Muslims from across the state of Oklahoma will come to the state Capitol later this month to learn about the legislative process and join panel discussions on issues important to their community.
The Oklahoma chapter of the Council on American-Islamic Relations announced its first ever "Muslim Day" will be held at the Capitol on Friday, Feb. 27. Executive Director Adam Soltani says he expects more than 100 people to attend the event.
Soltani says the event is designed to encourage members of the Muslim faith to be civically engaged and communicate with their lawmakers.
A similar event at the state Capitol in Texas last week sparked outrage after a group of vitriolic protesters heckled Muslim participants. One woman grabbed the microphone and yelled about Islam.
Although the Legislature adjourns for the week on Thursdays and members head home, six legislators and an attorney from the ACLU have agreed to meet with the Muslims who come to the Capitol that day: Sen. John Sparks, Rep. Mike Shelton, Rep. George Young, Rep. Emily Virgin, Sen. Anastasia Pittman, and Brady Henderson of the ACLU. Events that day will include a panel discussion on racial profiling, and a discussion on religion in public schools.

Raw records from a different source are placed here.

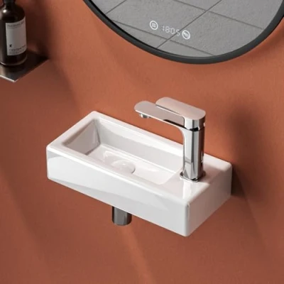【Corner Sink DIMENSIONS】: Perfectly sized at 36 x 18 x 9 cm, this compact basin is ideal for bathrooms, kitchens, cloakrooms, or en suites. It can be wall-mounted, placed on a countertop, or integrated into a vanity, making it ideal for any bathroom update. (Basin only; taps and accessories not included) 【Space-saving Design】: Designed to maximize space in compact areas, this small cloakroom basin enhances the functionality and style of smaller bathrooms. Its slender rim and streamlined form add a modern touch to any space-limited environment. 【Material Quality】: Made from high-quality ceramic and finished with a non-toxic, lustrous glaze, this small sink excels in durability and scratch resistance. Its anti-fouling surface simplifies maintenance, ensuring a consistently pristine and inviting appearance. 【Easy Installation】: Engineered for simplicity, this wall-hung basin includes a quick-fit connection that makes installation a breeze. It is compatible with all standard plumbing systems, ideal for both DIY enthusiasts and professional installers. 【EMKE Support】: Committed to excellence, EMKE has enriched over 18,000 homes with top-quality, safe products. Our dedicated customer service team is ready to guide you from selection through installation of your small sink, ensuring a hassle-free and fulfilling experience., Manufacturer: EMKE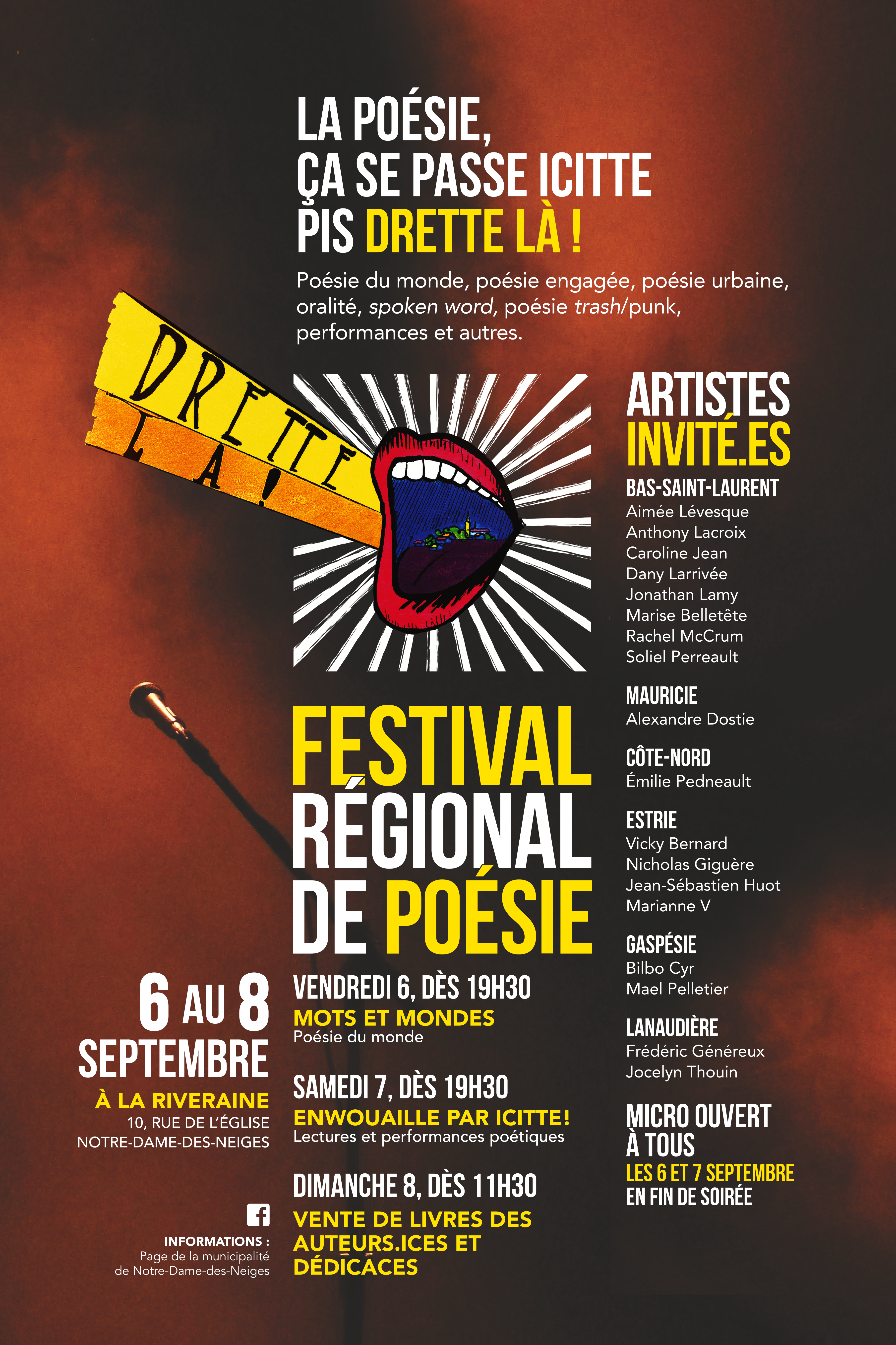 Cette année, à Notre-Dame-des-Neiges, on fête la poésie dans toutes ses formes avec des invités des quatre coins du Québec pour célébrer la poésie et la voix des régions, la couleur et la diversité des accents, la francophonie et la littérature.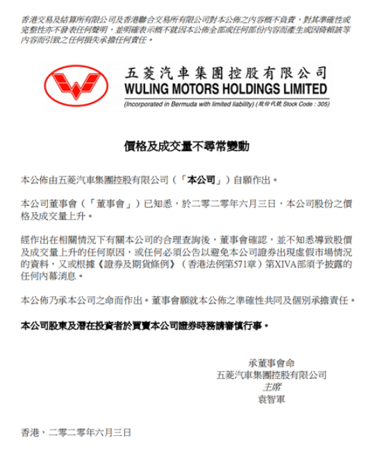 6月3日,五菱汽车在港交所公告称,经作出在相关情况下有关本公司的合理查询后,董事会确认,并不知悉导致股价及成交量上升的任何原因,或任何必须公告以避免本公司证券出现虚假市场情况的资料,又或须予披露的任何内幕消息。

"Several members of our community have come to me, asking how they can get their voices heard and how they can get involved in public affairs,"Soltani said. "Muslim Day at the Capitol" is intended to encourage followers of Islam to be more involved in the public arena.
One GOP legislator in particular has been a rather vocal critic of CAIR in recent weeks. And in 2010, Oklahomans overwhelmingly endorsed State Question 755. That measure would have barred the Oklahoma judiciary, when interpreting cases for state law, from considering any court case in which the Islamic system of Sharia law figured prominently in the decision. SQ 755 also forbid Oklahoma jurists from embracing international law as a precedent when making decisions that affected Oklahomans.
U.S. District Judge Vicki Miles-LaGrange in Oklahoma City approved a temporary restraining order that barred certification of the election's results; subsequently that decision was upheld by the 10th U.S. Circuit Court of Appeals in Denver.
The appellate court ruled that the initiative violated the Establishment Clause of the 1st Amendment to the U.S. Constitution, because it singled out the Muslim faith among religious laws for discrimination.
Furthermore, the 10th Circuit Court declared, there was no "compelling state interest" for the law because it was a solution looking for a problem: proponents of the initiative failed to "identify any actual problem the challenged amendment seeks to solve."
Defenders of the proposed ban acknowledged at the preliminary-injunction hearing that they did not know of a single instance in which an Oklahoma court had applied Sharia law or used the precepts of other nations or cultures, let alone that such applications or uses had resulted in problems in Oklahoma.